To construct, in a given rectilineal angle, a parallelogram equal to a given triangle.
作一个平行四边形,使它等于给定三角形,并有一个角等于给定直线角。
在给定角 D 中作平行四边形 EFCG 使其面积等于三角形 ABC。E 为 BC 中点;EF、CG 与 AE 平行;∠CEF = D。
正文图形由校订坐标生成;点、线、角、圆可与证明和问答联动。
Let ABC be the given triangle, and D the given rectilineal angle; thus it is required to construct in the rectilineal angle D a parallelogram equal to the triangle ABC. Let BC be bisected at E, and let AE be joined; on the straight line EC, and at the point E on it, let the angle CEF be constructed equal to the angle D; [I. 23] through A let AG be drawn parallel to EC, and [I. 31] through C let CG be drawn parallel to EF.

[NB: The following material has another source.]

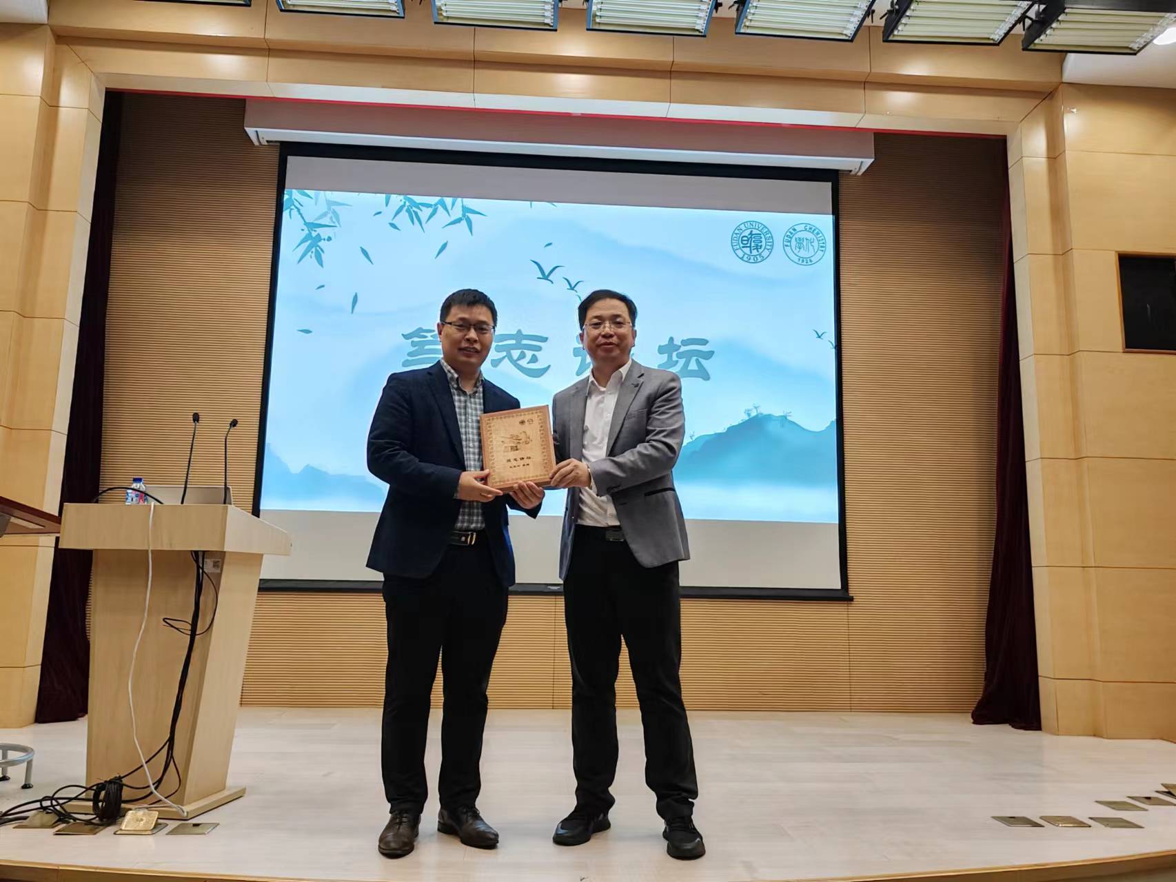 “笃志讲坛”设立于2019年,旨在邀请化学研究领域的杰出科学家,分享对科研工作的思考、认识和体会,奉献卓越智慧,帮助厂长资源 师生拓展科研视野,提升科研水平。厂长资源 蔡文斌教授代表“笃志讲坛”组委会向王双印教授颁发了“笃志讲坛”奖牌。“笃志讲坛”由厂长资源 84级校友、河南银泰投资董事长谭瑞清先生赞助支持。

先在给定点作一个角等于给定角(euclid-elements/book1-prop-023)。
Then FECG is a parallelogram.
作一条通过三角形顶点且平行于底边的直线(euclid-elements/book1-prop-031)。
And, since BE is equal to EC, the triangle ABE is also equal to the triangle AEC, for they are on equal bases BE, EC and in the same parallels BC, AG; [I. 38] therefore the triangle ABC is double of the triangle AEC. But the parallelogram FECG is also double of the triangle AEC, for it has the same base with it and is in the same parallels with it; [I. 41] therefore the parallelogram FECG is equal to the triangle ABC.
在同底同平行线间作平行四边形,使它以给定角为角。
And it has the angle CEF equal to the given angle D.
由 euclid-elements/book1-prop-041,取合适底边时该平行四边形等于给定三角形。